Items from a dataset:

══════════════════════════════

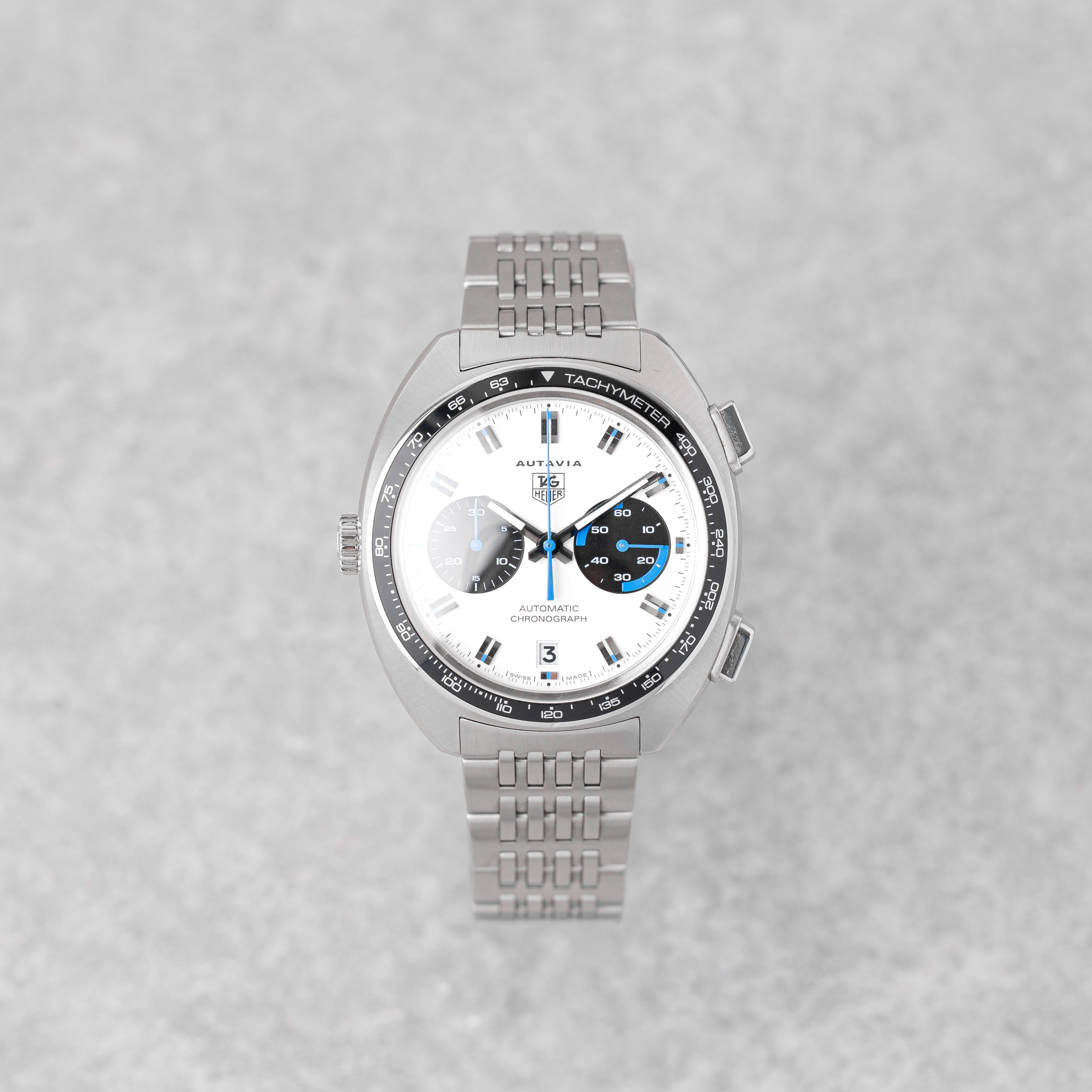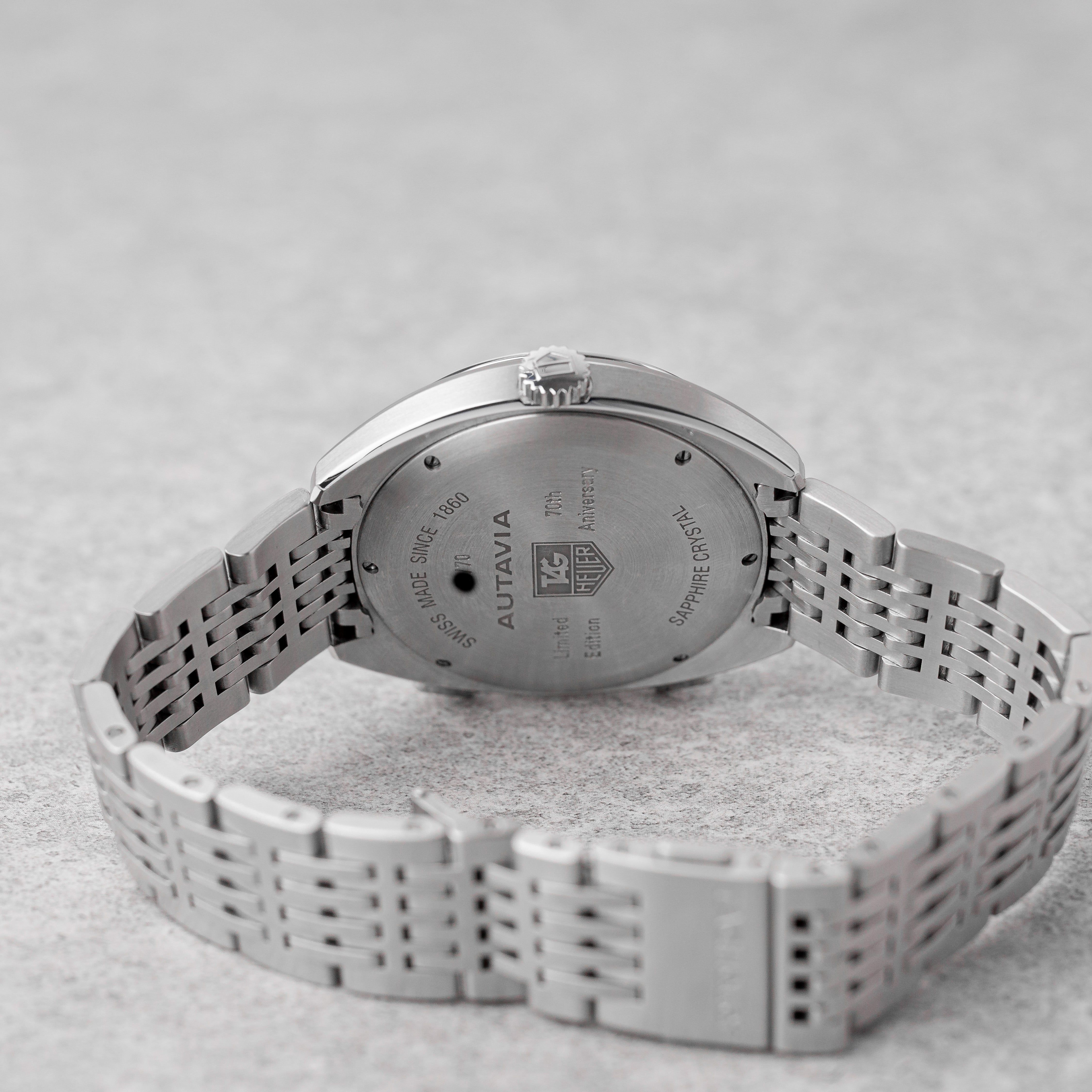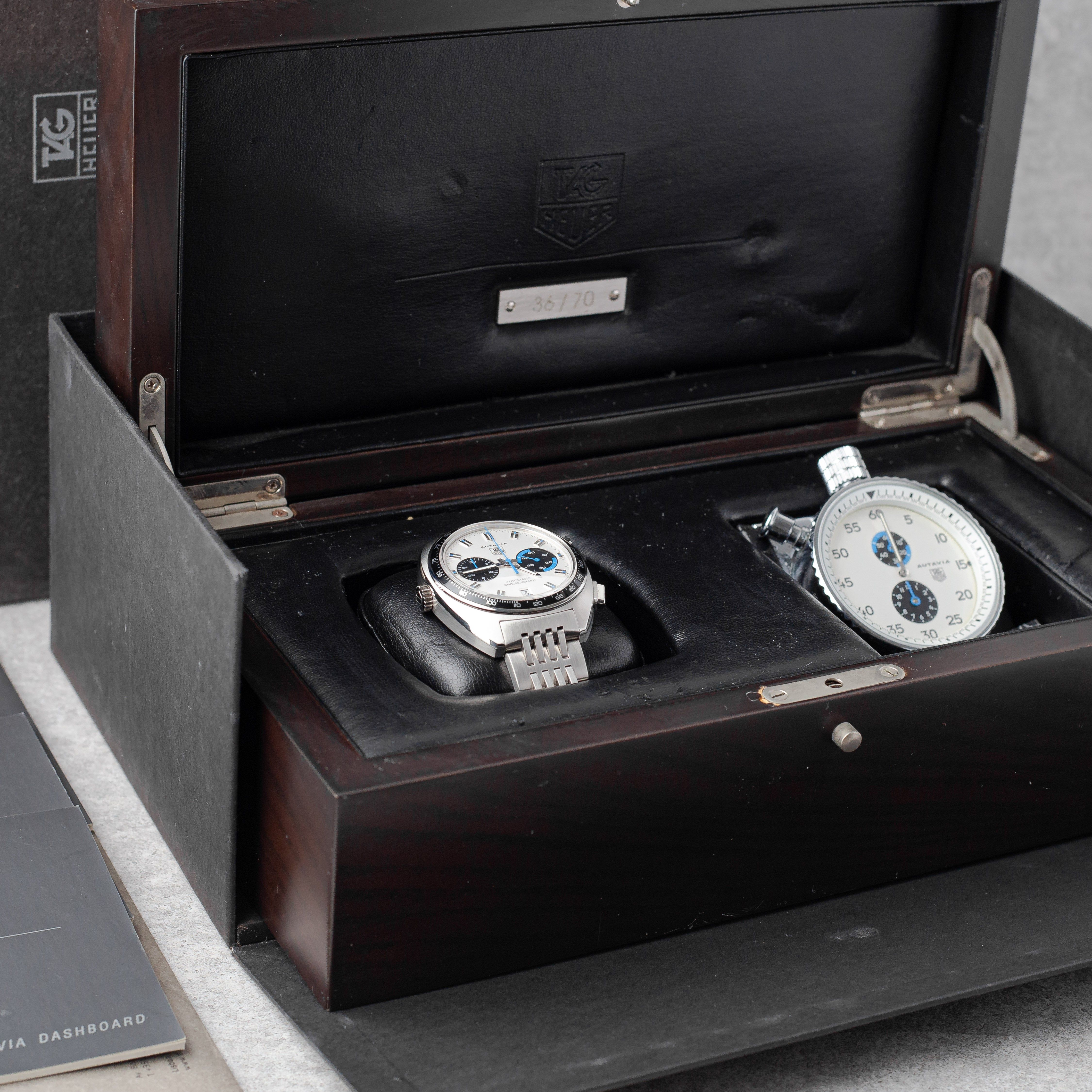 An exceptional and highly collectible piece, this TAG Heuer Autavia “Siffert Set” is a limited edition of only 70 sets, created in tribute to the 70th anniversary of the Autavia and inspired by legendary Formula 1 driver Jo Siffert. This complete collector’s set includes both the 43mm wristwatch and the rare 57mm dashboard timer, housed in the original limited edition presentation box with matching numbered plaque. The set is accompanied by manuals, mounting accessories (nuts & screws), and all original components. The watch features a striking silver opaline “Panda” dial with black subdials and blue accents, a black tachymeter bezel, and the iconic left-side crown, powered by the automatic Calibre 11 movement. It is fitted with a stainless steel bracelet inspired by the classic “Grains of Rice” design. Originally dated 01/2013, the watch has been serviced by TAG Heuer in 12/2025 (invoice included). The set is in very good overall condition, with only light surface marks consistent with careful use. A rare opportunity to acquire one of the most exclusive modern Autavia releases — a true collector’s piece combining motorsport heritage, rarity, and iconic design.
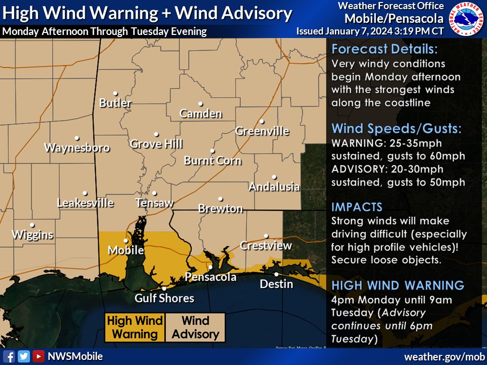 Strong gradient winds (non-thunderstorm winds) will be an issue across all of Mississippi and Alabama tomorrow/tomorrow night.
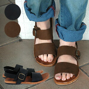 - ヴィンテージ風のぺたんこ本革甲ベルト付きコンフォートレディースサンダルウッド調のソール部分もすべてリアルレザー製!履くだけでセンスの感じられるヴィンテージ風のぺたんこ本革甲ベルト付きコンフォートレディースサンダル【送料無料】◆アンティークオールレザーサンダル
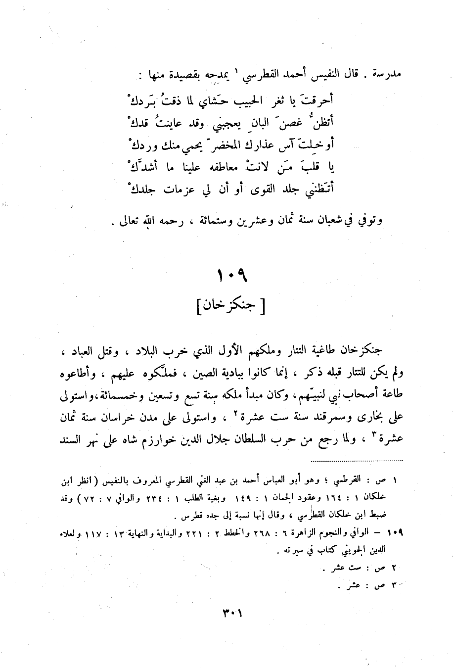 (1) ص: القرطسي؛ وهو أبو العباس أحمد بن عبد النبي القرطسي المعروف بالنفيس (انظر ابن خلكان 1: 164 وعقود الجمان 1: 149 وبغية الطلب 1: 234 والوافي 7: 72) وقد ضبط ابن خلكان القرطسي، وقال إنها نسبة إلى جده قطرس.
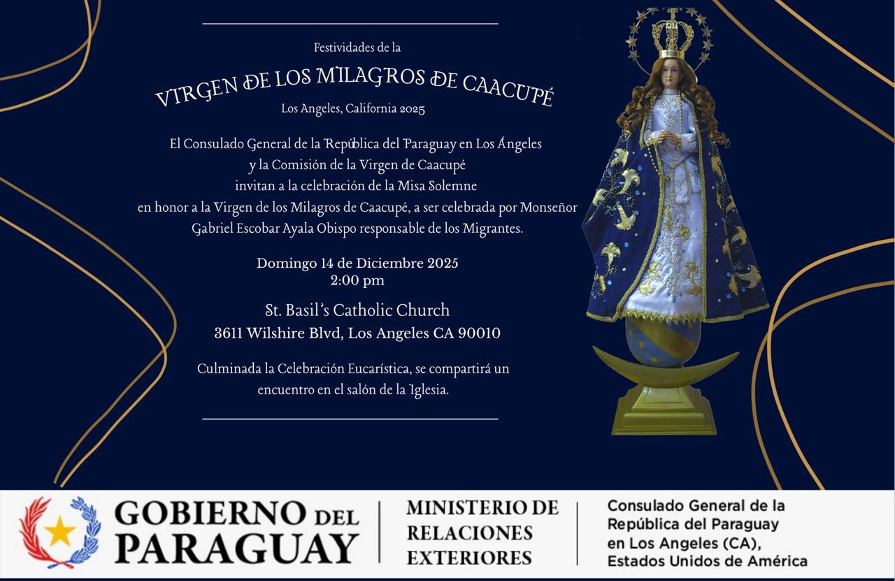 El Consulado General de la República del Paraguay en Los Ángeles invita cordialmente a la comunidad paraguaya, sus familias y amigos, a participar de las Festividades en honor a la Virgen de los Milagros de Caacupé, a celebrarse el domingo 14 de diciembre de 2025, en la ciudad de Los Ángeles.
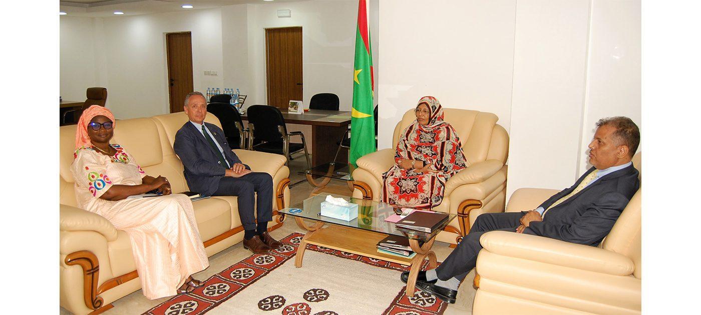 جرى اللقاء بحضور المستشار المكلف بالتعاون والعلاقات مع الشركاء الفنيين والماليين في المفوضية، السيد المصطفى ولد الشيخ عبدالله، والسيدة عيساتا چوم، المكلفة بالتغذية في ممثلية الصندوق في نواكشوط.

══════════════════════════════

• [WHAT YOU NEED TO DO]: Give again exactly the lines from the one holding "- ヴィンテージ風のぺたんこ" to the final line of the records, both ends included; any pictures stay out.

• [OUTPUT FOR THIS TASK]:
 - ヴィンテージ風のぺたんこ本革甲ベルト付きコンフォートレディースサンダルウッド調のソール部分もすべてリアルレザー製!履くだけでセンスの感じられるヴィンテージ風のぺたんこ本革甲ベルト付きコンフォートレディースサンダル【送料無料】◆アンティークオールレザーサンダル
 (1) ص: القرطسي؛ وهو أبو العباس أحمد بن عبد النبي القرطسي المعروف بالنفيس (انظر ابن خلكان 1: 164 وعقود الجمان 1: 149 وبغية الطلب 1: 234 والوافي 7: 72) وقد ضبط ابن خلكان القرطسي، وقال إنها نسبة إلى جده قطرس.
 El Consulado General de la República del Paraguay en Los Ángeles invita cordialmente a la comunidad paraguaya, sus familias y amigos, a participar de las Festividades en honor a la Virgen de los Milagros de Caacupé, a celebrarse el domingo 14 de diciembre de 2025, en la ciudad de Los Ángeles.
 جرى اللقاء بحضور المستشار المكلف بالتعاون والعلاقات مع الشركاء الفنيين والماليين في المفوضية، السيد المصطفى ولد الشيخ عبدالله، والسيدة عيساتا چوم، المكلفة بالتغذية في ممثلية الصندوق في نواكشوط.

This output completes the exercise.